Friday, June 01, 2018

RED at the Wyndhams Theatre - Molina's masterpiece

Two-handers are tricky plays to pull off.  There is the apocryphal story of two actors slogging through a two-hander when there was an offstage knock at a door which elicited a cry from the audience "Whoever it is... let them IN!"

I must admit there were a few times I felt someone... anyone... would be welcome additions while watching John Logan's play RED which is being revived at the Wyndhams Theatre.  The play premiered in 2009 at the Donmar directed by Michael Grandage while he was the artistic director there; the play transferred to Broadway, bypassing the West End, where it was won 6 Tony Awards including Best Play.  Astonishingly the one award it lost out on was for it's strongest asset, Alfred Molina as the painter Mark Rothko.


It's 1958 and the painter Mark Rothko is preparing for a major commission, the newly completed Seagram Building architects Mies Van der Rohe and Philip Johnson have asked Rothko to provide murals for the building's exclusive Four Seasons restaurant.  Rothko has hired a young studio assistant called Ken to help him mix the paints and stretch the canvasses.  Ken's admiration of the new Pop Art movement incurs Rothko's disdain but when Ken questions Rothko's decision to provide paintings for the Four Seasons' elite diners is when the paint really hits the fan...

My problem with the play - that runs 90 minutes with no interval - was that it very soon became fairly predictable: a series of squabbles where the two protagonists take black/white positions, it's all quite wearing no matter how well it's acted.  Great "themes" are raised but I felt Logan had no particular standpoint on any of them - they were raised just to give the actors something to do.


The thin play however is surrounded by an excellent production: it is well directed by Michael Grandage in his clear, understated style - the non-verbal highlight being where the two actors launch into priming a large blank canvas a dark red colour; working as an aria plays, Molina and Enoch speed paint the canvas, at one point thrillingly in time to the music.

Neil Austin's lighting is up to his usual high standard but the real winner here is Christopher Oram's wonderfully detailed set of Rothko's downtown art studio - during the more mundane stretches of Logan's script it was a pleasure to let my eyes wander over the set to relish the verisimilitude.

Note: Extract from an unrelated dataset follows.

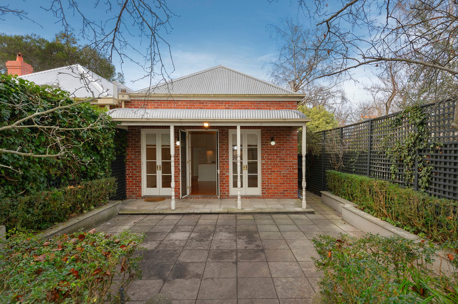 Interior provides light and bright accommodation comprising arched hallway flanked by three bedrooms with BIRs, 2 with decorative OFPs and leading to a full-width formal sitting room, main bathroom with shower over bath, separate walk-through laundry with a second shower room, stylish open-plan kitchen living/dining area (Jetmaster FP), with French doors opening to paved courtyard.

The fictional role of Ken was originated by Eddie Redmayne - even winning the Tony for Best Supporting Actor - but here the role goes to Alfred Enoch, late of the Harry Potter film franchise.  I cannot say he ever made any impression on me in them but here he gave a capable enough performance but the character never rang true - he was just an Aunt Sally for Rothko to argue against everything he hates about the current art scene.

As I said the main reason to see the play was Alfred Molina's marvellous portrayal of the conflicted genius Rothko.  Molina made him a real force of nature, a human bull-in-an-arts-supply-shop who knows his own worth but battles with an underlying dread that "one day the black will swallow the red" which of course happened in 1970 when he took his own life, possibly due to growing ill-health.  Molina knew how to colour the emotions though as in his character's crestfallen bitterness when he finally views the Four Seasons and realizes his error in agreeing the commission.


RED is worth seeing for Alfred Molina's larger-than-life Rothko and Michael Grandage's production but the play itself is a little like watching paint dry.